The Shanghai stock exchange rebounded Nov. 29 — a day after hitting a three-month low — after the central government clarified new tax rules that household investors had been fretting over (namely, details behind a new corporate income tax to take effect Jan. 1). China's stock markets are nearly completely insulated from direct foreign investment, and prices rarely reflect the true underlying value of any particular company. Instead, poorly informed household investors (responsible for the bulk of both the Shanghai and Shenzhen stock market turnover), often make investment decisions based on their access to capital — and thus based on expected central government policies that would affect that access (e.g., interest rate increases, higher trading fees, etc.).
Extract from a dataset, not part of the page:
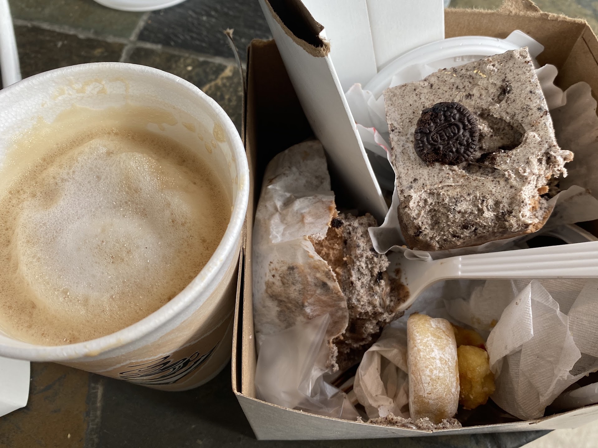 Read moreWe stopped at Oriens Café on a Sunday afternoon for gelato based on a friend's glowing recommendation. Although there was no line, we waited several minutes for two employees in a back room to finish their conversation before they begrudgingly acknowledged us. We each ordered a gelato to eat at the café and a pastry to take home. The server seemed impatient and annoyed when we asked a couple of questions about the gelato flavors and the pastries. We appreciated the shaded tables outdoors, where we enjoyed our gelato without feeling rushed. We each had two scoops of gelato: cannoli (meh), magic candy bar (or cookie bar, maybe? -- it was okay), strawberry cheesecake (it tasted like fake strawberries and red food dye) and peanut butter chocolate (which was excellent!). Three things surprised us about our visit: 1 - The employees were not at all courteous. Despite the friendly banter we attempted, they made it clear they were annoyed at the inconvenience of having customers. 2 - The small gelato cups -- and they're SMALL -- were only half-filled. They would be more than plenty if the gelato was flush with the top of the cup, but for a half-filled cup, they were quite overpriced. 3 - The café desperately needs a good cleaning. Despite no customers in the café, there was trash on nearly every table and everything -- tables, counters, trash cans, menus, pastry cases -- looks as if it hasn't had a thorough wipe-down with hot, soapy water in quite a long time. There's just a visible layer of dusty grime everywhere.

Notable stock market fluctuations are, more often than not, knee-jerk reactions to Chinese policy rumors. Such rumors caused both the February and May record plunges in the Shanghai and Shenzhen stock exchanges. So at what point do such fluctuations become significant? They become meaningful when:
- Companies listed in both Shanghai and Hong Kong see their Shanghai share prices fall below their Hong Kong share prices (mainland share prices are so overinflated right now that a drop in prices is both expected and necessary to take excess hot air out of Chinese stock exchanges), or
- Chinese household investors start panicking and pulling out of mainland shares en masse. Most have not started moving their funds out yet, in the hope that they can ride out the downturn and recoup what would be losses if they pulled out now.